Standardizing interfaces and using memory effectively were dominant themes in the conference. With multiple chips needing to work together, IO chiplets are becoming more critical. Companies like LightMatter, Xcapephotonics, and Ayar labs presented their optical I/O solutions. Ayar Labs identifies the laser unit as the main barrier to adopting co-packaged optics and proposes an optical I/O chiplet (TeraPHY) with an external laser source. This design allows a rack to have multiple optical I/Os connected to a single 16-wavelength light source. Lightmatter believes chip shorelines are a key limitation and advocates a 3D stacked approach (GEN 4 3D interposer M1000). Xcapephotonics argues that current laser arrays cannot scale in power and bandwidth and is developing a Si-photonic chip (CHROMX Platform) that can provide 128 wavelengths from a single chip. This chip contains eight laser units, each emitting sixteen wavelengths for efficient wavelength division multiplexing (WDM).

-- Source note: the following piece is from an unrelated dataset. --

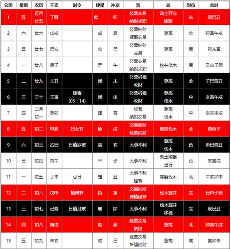 三月大吉日 吉神守身2019年3月的吉日分别是3月1日、3月6日、3月7日、3月13日、3月16日、3月20日、3月21日和3月27日。这些天,人们可以根据老黄一直安排自己的事情,比如种粮、上坟、搬家、寻找继承人、开市等等。此外,这些吉祥的日子也可以用来祭祀祖先和神灵,祈求健康和安全。

Other participants included MIPS Tech, which enabled a chiplet design platform based on the RISC-V architecture, and Athos Silicon, which is applying the chiplet concept to the automotive industry. For automotive applications, where reliability is paramount, Athos Silicon suggests producing critical chiplets in multiple quantities within a system, allowing workloads to be rerouted if one fails. Sagence AI and PseudolithIC are creating analog devices using chiplet concepts. PseudolithIC fabricates transistors in III-V compounds and places them into trenches on a silicon wafer before completing the standard Si-CMOS processing. This fabrication process is an alternative to growing GaN on Si.
An Emerging IP Field
The new paths emerging in the chiplet ecosystem suggest a vibrant patent landscape. Creating a patent landscape for chiplets is challenging because the concept is a subset of System-in-Package (SiP), and most 2.5D and 3D packaging patents also apply to the chiplet ecosystem. The idea of disaggregating silicon by separating I/O, CPUs, and memory gained traction around 2020, initially with major players like Intel, TSMC, and Nvidia. Over the past two years, the focus has shifted to design and architecture, attracting new players like EDA tool vendors and photonics companies. It remains a nascent field.
Improving the Status Quo
Many players are collaborating to bring the Chiplet-Market-Place concept to reality. With so many contributors, hardware, software, and design processes will likely be optimized soon, paving the way for new AI applications. In the future, when buying my next bike, an AI platform will maybe measure my body dimensions, take into account my preferences and instantly generate the specifications for a bike that will perfectly fit me. This system would replace the linear, "one factor at a time" adjustments conducted by humans today; such a platform will probably be running on a Chiplet-Market-Place system. The crux of human evolution is based on the process of monitoring and optimizing the world we live in, whether it be society, technology, the environment, or personal life. Progress is always a source of encouragement, so let’s continue to ride towards the future…